# Pandas 101

A comprehensive guide to getting started with Pandas for data analysis and manipulation.

In [None]:
import pandas as pd

## Basics

### DataFrames and Series

A DataFrame is a 2D representation of data with rows and columns. It's the primary data structure in Pandas.

In [None]:
df = pd.DataFrame({
    'name':['john','mary','peter','jeff','bill','lisa'],
    'age':[23,78,22,19,45,33],
    'sex': ['male','female','male','male','male','female']
})
df

A column in a DataFrame is called a Series - essentially a 1D array with labels.

In [None]:
ages = pd.Series([22,31,43,44,55])
ages

### Loading Data

We load data using the `read_*` methods, where the asterisk represents the file type. For example, `read_csv(filename)` for CSV files.

In [None]:
df = pd.read_csv('purchases.csv')
df

### Inspecting Data

We can inspect the data using several built-in DataFrame methods:
- `.head()` - displays the first 5 rows
- `.tail()` - displays the last 5 rows
- `.info()` - shows information about the DataFrame including column data types and non-null values
- `.describe()` - provides descriptive statistics about numerical columns
- `.shape` - returns the dimensions (rows, columns)
- `.columns` - lists all column names

In [None]:
print("Output of df.head():")
print(df.head())
print("\nOutput of df.tail():")
print(df.tail())
print("\nOutput of df.info():")
df.info()
print("\nOutput of df.describe():")
print(df.describe())
print("\nOutput of df.shape:")
print(df.shape)
print("\nOutput of df.columns:")
print(df.columns)

## Selecting and Filtering

### Selecting Columns

We can use column names to access columns using bracket notation: `df['column_name']`

In [None]:
df['product']

### Using iloc and loc

We can select or filter rows using `iloc` or `loc`:
- `iloc` is integer-location based indexing - it selects rows and columns based on their integer position
- `loc` is label-based indexing - it selects rows and columns based on their labels

In [None]:
print("Selecting the first row and first column using iloc:")
display(df.iloc[0,0])

print("\nSelecting the first three rows using iloc:")
display(df.iloc[0:3])

print("\nSelecting rows with index 1, 3, and 5 using iloc:")
display(df.iloc[[1, 3, 5]])

When filtering using both rows and columns with text labels, we use `loc`. For example, displaying the product name and quantity for products that cost more than 100:

In [None]:
display(df.loc[df['price']>100,['product','quantity']])

### Conditional Filtering

We can filter records using conditions. For example, finding products where prices are above 1000:

In [None]:
print(df[df['price'] > 1000])

We can combine multiple conditions using `&` (and) or `|` (or). Let's filter purchases where the product price is above 100 AND quantity is more than 1:

In [None]:
display(df[(df['price']>100)&(df['quantity']>1)])

### Sorting

We can sort values using the `.sort_values()` method. Let's sort products by highest quantity purchased:

In [None]:
display(df.sort_values('quantity',ascending=False))

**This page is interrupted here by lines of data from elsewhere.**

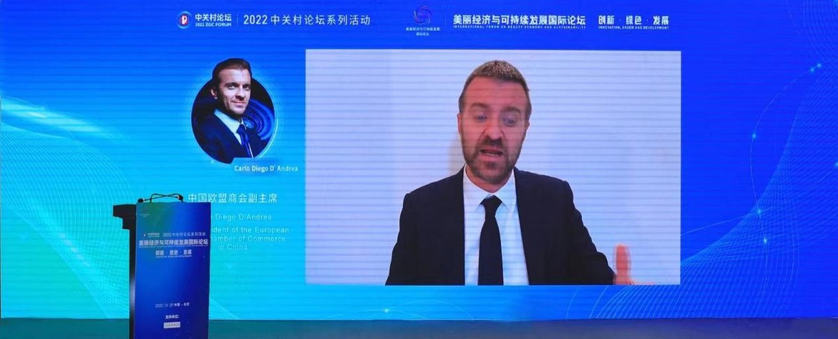 中国欧盟商会副主席 Carlo Diego D'Andrea 发表了题为《欧盟美丽健康企业在中国的创新和发展》的演讲。他指出,欧盟商会的成员在国内经营业务的低碳发展方面走在前列,几乎一半的成员已经建立了低碳团队。他坚信欧盟和中国有着坚实的合作基础和巨大的潜力,可以共同推进美丽经济和相关绿色行业。
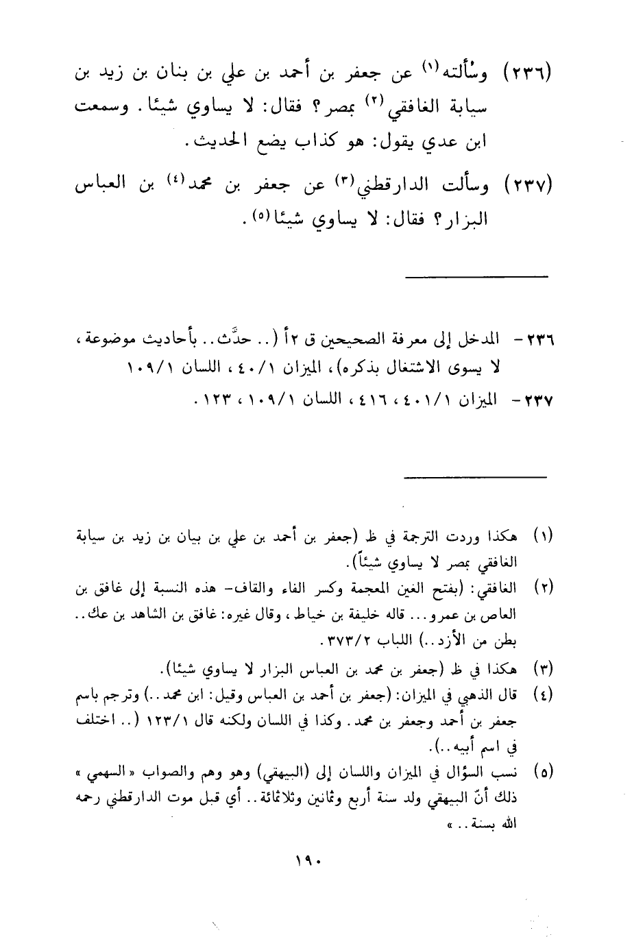 237 - وسألت الدارقطني عن جعفر بن محمد بن العباس البزار فقال لا يساوي شيئا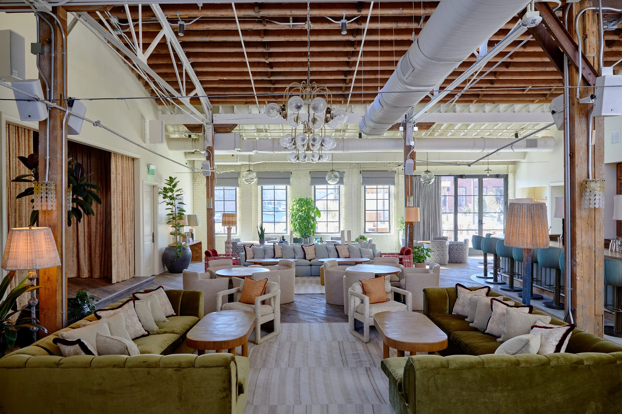 Set in a former hosiery factory, the 110,000 SF members club in the home of country music contains a full gym and wellness space, live music performance space, cinema, members club dining, and 50 guest rooms.
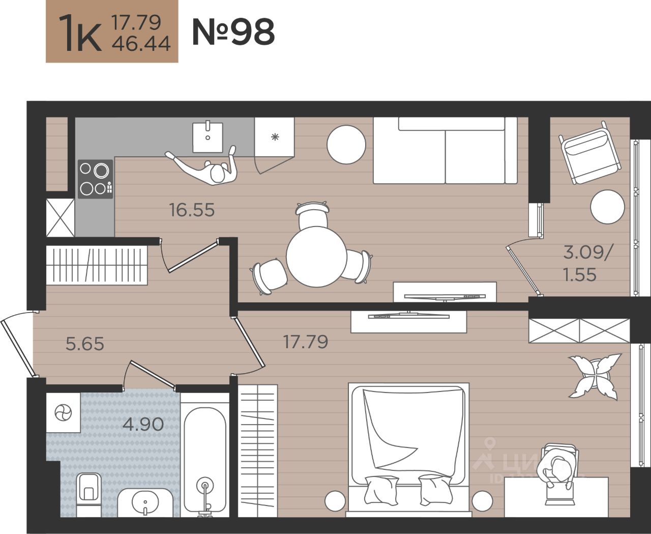 Продается комфортабельная 1 комнатная квартира 98 на Советском проспекте, 50 в ЖК "МОЙ ГОРОД"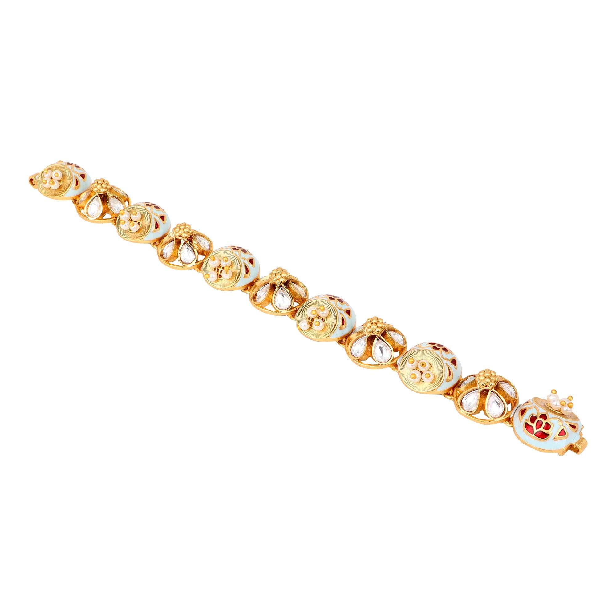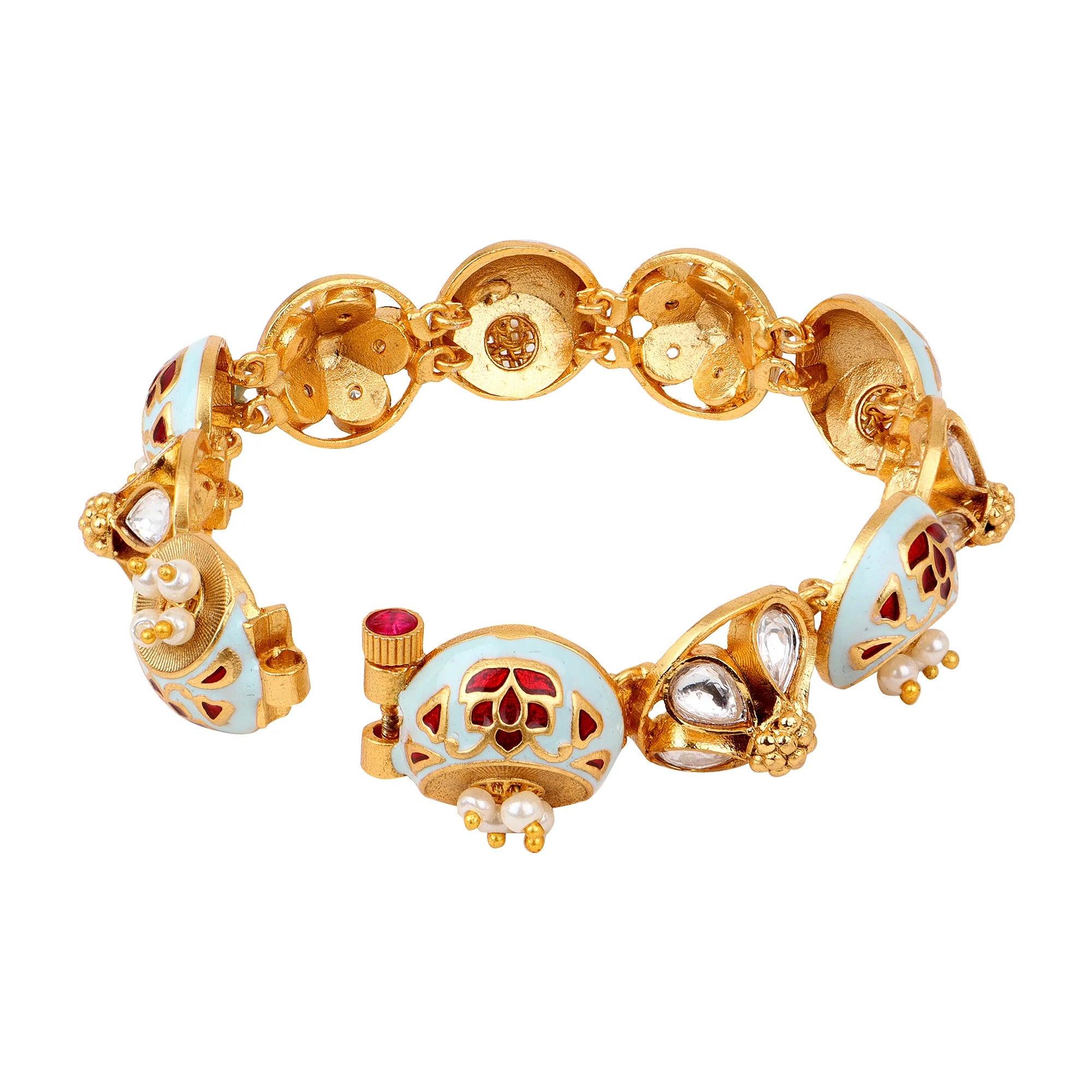 Flower Shape Meenakari Kundan Bracelet, Kundan Stone Chain Bracelet, Indian traditional bracelet, Bollywood Indian Jewelry | Gifts for Her - Libasaa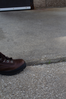 A brown boot positioned along a linear step up between two areas of concrete; the step is about as high as the black sole of the boot.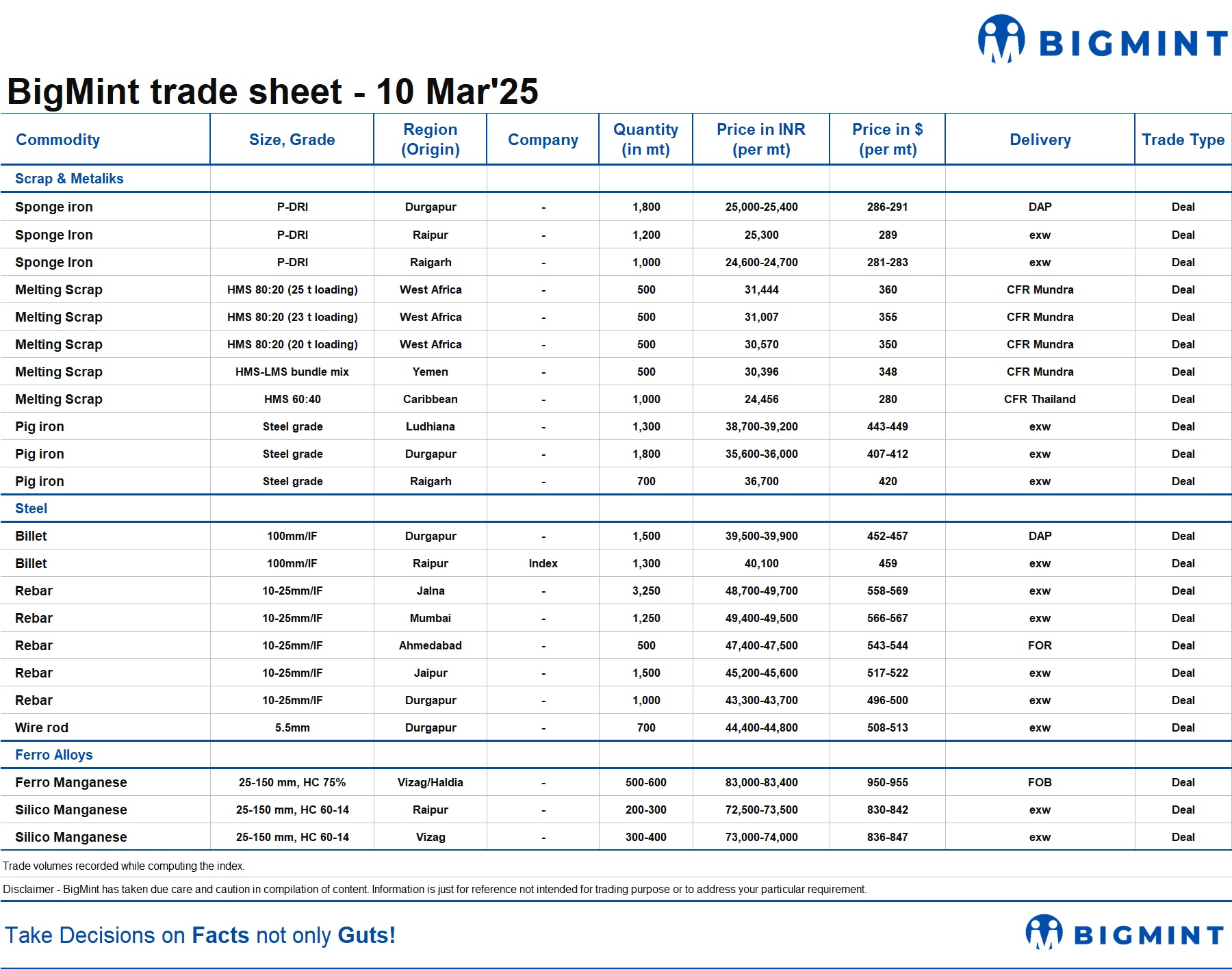 BigMint's daily trade sheet - 10 Mar'25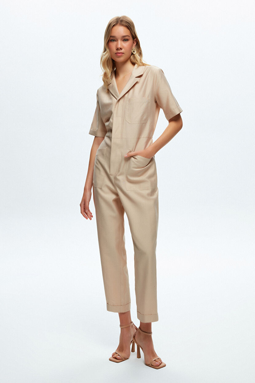 Bej Cep Detaylı Uzun Tulum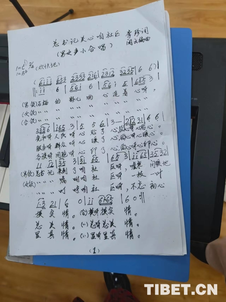 圖為《總書記關(guān)心咱社區(qū)》的曲譜

## Data Cleaning and Transformation

### Handling Missing Values

We can handle missing values using various methods:
- `isna()` - finds missing values
- `fillna()` - imputes (fills) missing values
- `dropna()` - deletes records with missing values

In [None]:
newdf = pd.read_csv('purchases 2.csv')
newdf.info()
display(newdf)

Let's use `isna()` to find the null values:

In [None]:
newdf.isna().sum()

We can choose to impute the missing values with statistics like mean, median, or use forward fill or backward fill strategies.

Filling the null price values with mean:

In [None]:
newdf['price'] = newdf['price'].fillna(newdf['price'].mean())
newdf.info()

Filling the null quantity values with median:

In [None]:
newdf['quantity'] = newdf['quantity'].fillna(newdf['quantity'].median())
newdf.info()

Filling the missing product values with forward fill strategy:

In [None]:
newdf['product'] = newdf['product'].fillna(method='ffill')
newdf.info()

### Applying Functions

We can apply functions to columns using `apply()` and `map()` functions:
- `apply()` applies functions axis-wise (along columns or rows)
- `map()` applies functions element-wise

Lambda is a small anonymous function in Python. Its main use case is when we want to use a small function without needing to formally define it.

Let's double all quantities in the DataFrame:

In [None]:
newdf['quantity'] = newdf['quantity'].apply(lambda x: x*2)
newdf

Here's a simple example of a lambda function:

In [None]:
double = lambda x: x*2
print(double(5))

Let's add 500 to the price of products above 1000 in price using `map()`:

In [None]:
newdf['price'] = newdf['price'].map(lambda x: x+500 if x>1000 else x)
newdf

### String Operations

We can operate on textual data using the `.str` accessor. For example, let's check the length of each product name:

In [None]:
newdf['product'].str.len()

Other useful string functions using the `.str` accessor:

In [None]:
# Convert product names to uppercase
print("\nProduct names in uppercase:")
display(newdf['product'].str.upper().head())

# Convert product names to lowercase
print("\nProduct names in lowercase:")
display(newdf['product'].str.lower().head())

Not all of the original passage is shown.